3.1. Demographic and Clinical Variables

The mean age of the participants was 18.67 (±3.54) years, and 75% were female. The mean HDRS score was 19.37 (±5.30). The participants were significantly more often inpatients than outpatients: 69% of the study group was inpatient. A total of 40% of the patients were drug-free. The patients who received pharmacological treatment had selective serotonin reuptake inhibitors (37%), selective norepinephrine reuptake inhibitors (6%), tricyclic antidepressants (4%), and others, e.g., anxiolytics, sleeping pills (14%) (Table 1).
The obtained mean BIS-11 and TCI dimensions from the study group are shown in Table 2.

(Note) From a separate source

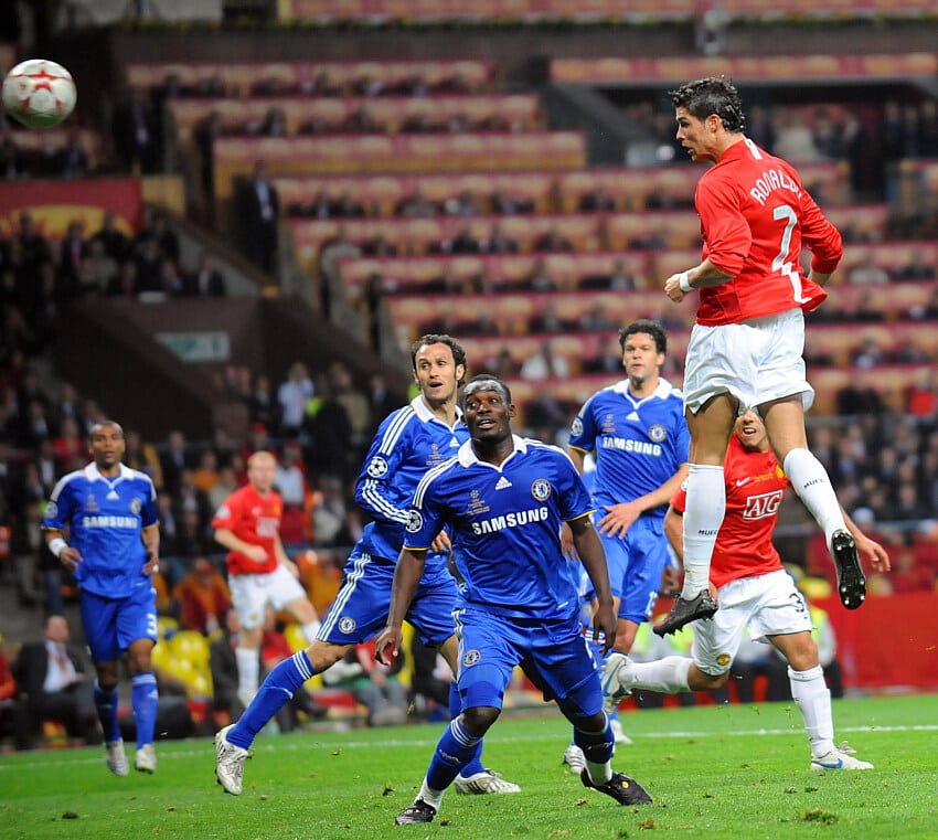Lurking with menace on Michael Essien’s blind side, Ronaldo tracked a curling Wes Brown left-footed cross before he exploded vertically into the evening air. A perfectly-timed glancing header followed, leaving Chelsea keeper Petr Cech, who was nailed to his position and helpless.
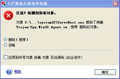 卡巴报警我的电脑中了Trojan-Apy.Win32.Agent.iw.,附报警图!

3.2. Principal Component Analysis (PCA)

In our study, we used the principal component analysis (PCA) with a varimax rotation and item loadings of 0.4 or greater. We extracted three dimensions in adolescents and young adults with depression. Dimension 1 was defined by depressed mood (item 1), work and activities (item 7), retardation (item 8), psychic anxiety (item 10), somatic symptoms (item 13), genital symptoms (item 14), and loss of weight (item 16). As the items with higher loadings on this factor were depression and retardation, we identified dimension 1 as ‘psychic depression and motor retardation.’ Dimension 2 consisted of the following items: feelings of guilt (item 2), suicide (item 3), and somatic gastro-intestinal symptoms (item 12). The first two symptoms were identified as the ‘disturbed thinking’ dimension because of the higher significance. Dimension 3, ‘ Sleep Disturbances and Anxiety,’ covered sleeping disturbance and somatic anxiety symptoms (items assessing early (4), middle (5), and late insomnia (6), agitation (9), and somatic anxiety (11)). The unassigned items were hypochondriasis (15) and insight (17). The results of the Hamilton Depression Rating Scale (HDRS-17) principal component analysis are shown in Table 3.

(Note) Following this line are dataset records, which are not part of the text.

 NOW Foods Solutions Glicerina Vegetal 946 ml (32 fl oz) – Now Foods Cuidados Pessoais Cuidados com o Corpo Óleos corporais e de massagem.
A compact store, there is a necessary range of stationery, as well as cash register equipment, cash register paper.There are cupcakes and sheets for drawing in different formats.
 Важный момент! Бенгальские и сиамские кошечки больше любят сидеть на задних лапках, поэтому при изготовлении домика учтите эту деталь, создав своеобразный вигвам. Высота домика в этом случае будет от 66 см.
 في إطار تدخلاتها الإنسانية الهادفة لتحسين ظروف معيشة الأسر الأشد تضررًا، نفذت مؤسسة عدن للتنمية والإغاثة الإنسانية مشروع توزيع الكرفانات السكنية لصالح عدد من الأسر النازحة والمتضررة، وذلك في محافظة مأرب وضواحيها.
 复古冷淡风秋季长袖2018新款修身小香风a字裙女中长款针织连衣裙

3.3. Spearman’s Correlation of the HDRS-17 Dimensions with BIS-11 and TCI

In the correlation analysis using the Barratt Impulsiveness Scale (BIS-11) and Temperament and Character Inventory (TCI), we found a positive correlation between non-planning impulsivity (p = 0.02, power 0.61) and harm avoidance (HA) (p = 0.01, power 0.71) with dimension 2 of the HDRS. The temperament dimension reward dependence (RD) was positively correlated with dimension 1 (p = 0.04, power 0.54) and dimension 3 (p = 0.02, power 0.62). Reward dependence (RD) and self-directedness (SD) were negatively correlated with dimension 2 (p = 0.03, power 0.58 and 0.01, power 0.74; respectively). Cooperativeness (C) was positively correlated with dimension 1 (p = 0.01, power 0.69).
Results of the correlation analysis are presented in Table 4.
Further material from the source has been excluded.